▶ _Assignment_: From the first line to the last, write out the records exactly, leaving out images.

▶ _Input data_:
───

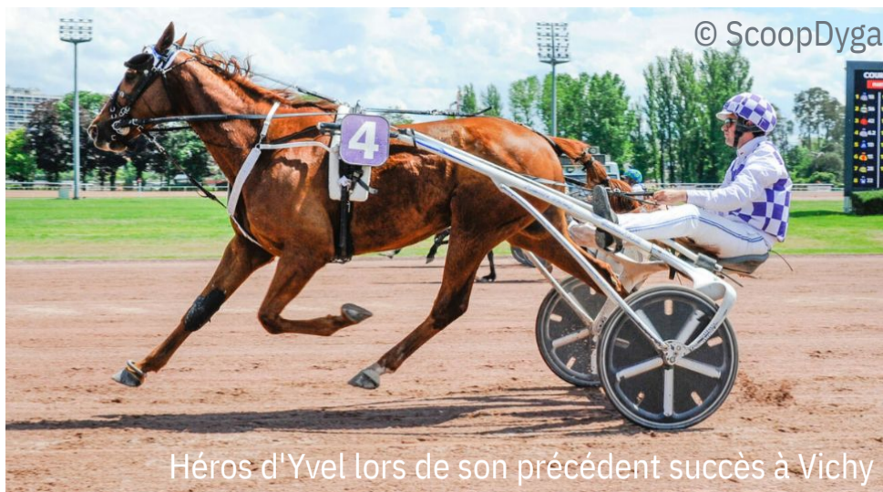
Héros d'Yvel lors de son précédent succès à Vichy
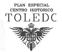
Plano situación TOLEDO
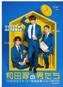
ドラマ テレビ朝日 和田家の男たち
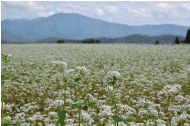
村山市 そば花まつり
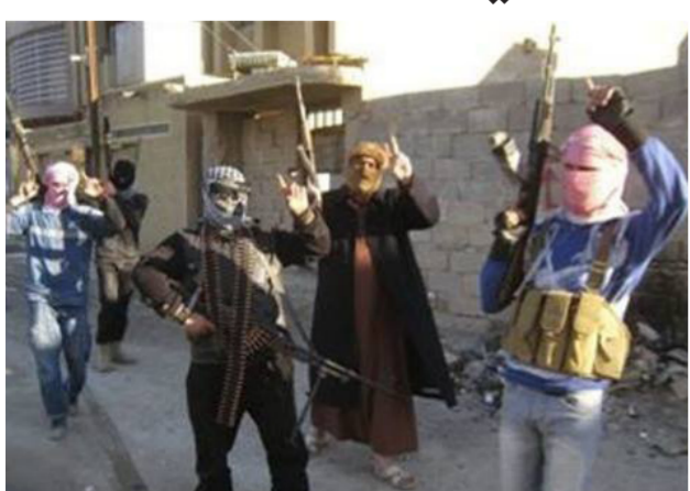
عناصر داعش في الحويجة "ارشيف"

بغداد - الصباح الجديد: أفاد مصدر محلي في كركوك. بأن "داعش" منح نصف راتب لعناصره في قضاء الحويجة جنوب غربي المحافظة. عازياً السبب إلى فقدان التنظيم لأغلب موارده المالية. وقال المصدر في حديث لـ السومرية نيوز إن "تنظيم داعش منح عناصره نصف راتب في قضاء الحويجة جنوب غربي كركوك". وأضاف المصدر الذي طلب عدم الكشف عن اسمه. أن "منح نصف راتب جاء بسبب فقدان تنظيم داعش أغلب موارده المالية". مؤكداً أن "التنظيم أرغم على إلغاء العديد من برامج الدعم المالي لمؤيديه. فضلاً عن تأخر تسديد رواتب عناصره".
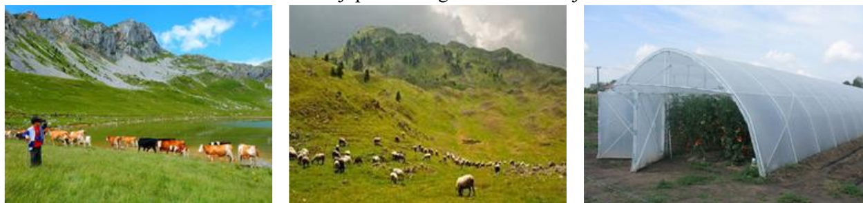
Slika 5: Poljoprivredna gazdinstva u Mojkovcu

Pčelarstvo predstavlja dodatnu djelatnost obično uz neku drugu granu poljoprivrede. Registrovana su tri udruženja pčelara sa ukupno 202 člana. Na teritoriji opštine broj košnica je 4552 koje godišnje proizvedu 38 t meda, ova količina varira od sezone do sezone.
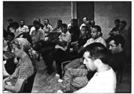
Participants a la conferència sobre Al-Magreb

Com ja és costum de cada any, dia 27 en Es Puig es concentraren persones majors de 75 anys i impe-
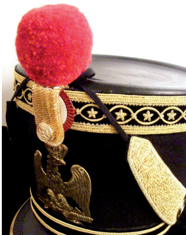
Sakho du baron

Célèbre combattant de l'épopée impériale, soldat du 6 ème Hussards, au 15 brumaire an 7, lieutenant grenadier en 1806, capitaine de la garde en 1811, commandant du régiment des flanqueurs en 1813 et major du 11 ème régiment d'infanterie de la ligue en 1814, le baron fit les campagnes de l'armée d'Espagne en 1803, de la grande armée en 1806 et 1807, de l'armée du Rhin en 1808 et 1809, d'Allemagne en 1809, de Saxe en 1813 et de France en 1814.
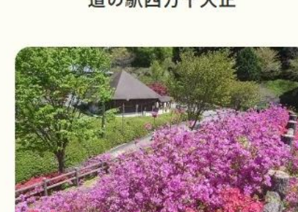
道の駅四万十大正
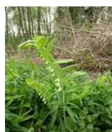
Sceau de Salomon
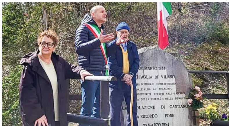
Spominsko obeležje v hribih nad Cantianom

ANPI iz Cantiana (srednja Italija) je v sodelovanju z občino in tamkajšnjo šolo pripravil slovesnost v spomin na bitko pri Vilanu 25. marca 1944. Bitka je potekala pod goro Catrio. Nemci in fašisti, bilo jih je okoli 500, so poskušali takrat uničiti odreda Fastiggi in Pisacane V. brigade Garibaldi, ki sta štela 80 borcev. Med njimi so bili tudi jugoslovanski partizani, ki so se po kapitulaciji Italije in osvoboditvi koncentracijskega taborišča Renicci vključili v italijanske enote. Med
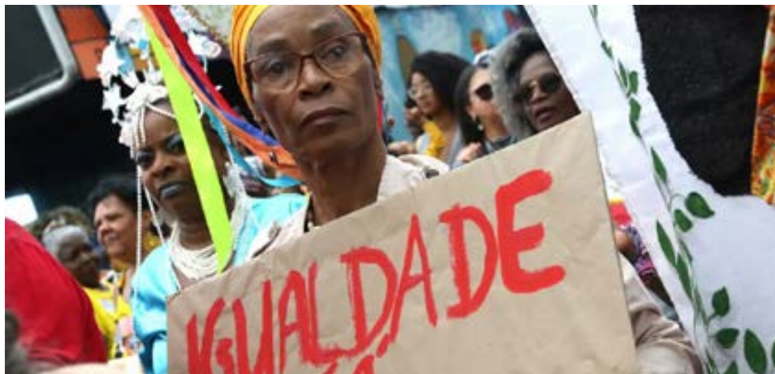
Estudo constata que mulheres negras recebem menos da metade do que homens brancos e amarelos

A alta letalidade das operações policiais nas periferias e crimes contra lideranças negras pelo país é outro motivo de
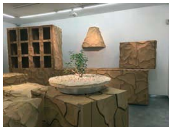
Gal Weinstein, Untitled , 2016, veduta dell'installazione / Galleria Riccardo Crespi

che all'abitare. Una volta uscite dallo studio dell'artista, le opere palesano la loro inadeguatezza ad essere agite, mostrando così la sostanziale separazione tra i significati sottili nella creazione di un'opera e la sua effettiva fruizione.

───

▶ _Your response_:
Héros d'Yvel lors de son précédent succès à Vichy
Plano situación TOLEDO
ドラマ テレビ朝日 和田家の男たち
村山市 そば花まつり
عناصر داعش في الحويجة "ارشيف"

بغداد - الصباح الجديد: أفاد مصدر محلي في كركوك. بأن "داعش" منح نصف راتب لعناصره في قضاء الحويجة جنوب غربي المحافظة. عازياً السبب إلى فقدان التنظيم لأغلب موارده المالية. وقال المصدر في حديث لـ السومرية نيوز إن "تنظيم داعش منح عناصره نصف راتب في قضاء الحويجة جنوب غربي كركوك". وأضاف المصدر الذي طلب عدم الكشف عن اسمه. أن "منح نصف راتب جاء بسبب فقدان تنظيم داعش أغلب موارده المالية". مؤكداً أن "التنظيم أرغم على إلغاء العديد من برامج الدعم المالي لمؤيديه. فضلاً عن تأخر تسديد رواتب عناصره".
Slika 5: Poljoprivredna gazdinstva u Mojkovcu

Pčelarstvo predstavlja dodatnu djelatnost obično uz neku drugu granu poljoprivrede. Registrovana su tri udruženja pčelara sa ukupno 202 člana. Na teritoriji opštine broj košnica je 4552 koje godišnje proizvedu 38 t meda, ova količina varira od sezone do sezone.
Participants a la conferència sobre Al-Magreb

Com ja és costum de cada any, dia 27 en Es Puig es concentraren persones majors de 75 anys i impe-
Sakho du baron

Célèbre combattant de l'épopée impériale, soldat du 6 ème Hussards, au 15 brumaire an 7, lieutenant grenadier en 1806, capitaine de la garde en 1811, commandant du régiment des flanqueurs en 1813 et major du 11 ème régiment d'infanterie de la ligue en 1814, le baron fit les campagnes de l'armée d'Espagne en 1803, de la grande armée en 1806 et 1807, de l'armée du Rhin en 1808 et 1809, d'Allemagne en 1809, de Saxe en 1813 et de France en 1814.
道の駅四万十大正
Sceau de Salomon
Spominsko obeležje v hribih nad Cantianom

ANPI iz Cantiana (srednja Italija) je v sodelovanju z občino in tamkajšnjo šolo pripravil slovesnost v spomin na bitko pri Vilanu 25. marca 1944. Bitka je potekala pod goro Catrio. Nemci in fašisti, bilo jih je okoli 500, so poskušali takrat uničiti odreda Fastiggi in Pisacane V. brigade Garibaldi, ki sta štela 80 borcev. Med njimi so bili tudi jugoslovanski partizani, ki so se po kapitulaciji Italije in osvoboditvi koncentracijskega taborišča Renicci vključili v italijanske enote. Med
Estudo constata que mulheres negras recebem menos da metade do que homens brancos e amarelos

A alta letalidade das operações policiais nas periferias e crimes contra lideranças negras pelo país é outro motivo de
Gal Weinstein, Untitled , 2016, veduta dell'installazione / Galleria Riccardo Crespi

che all'abitare. Una volta uscite dallo studio dell'artista, le opere palesano la loro inadeguatezza ad essere agite, mostrando così la sostanziale separazione tra i significati sottili nella creazione di un'opera e la sua effettiva fruizione.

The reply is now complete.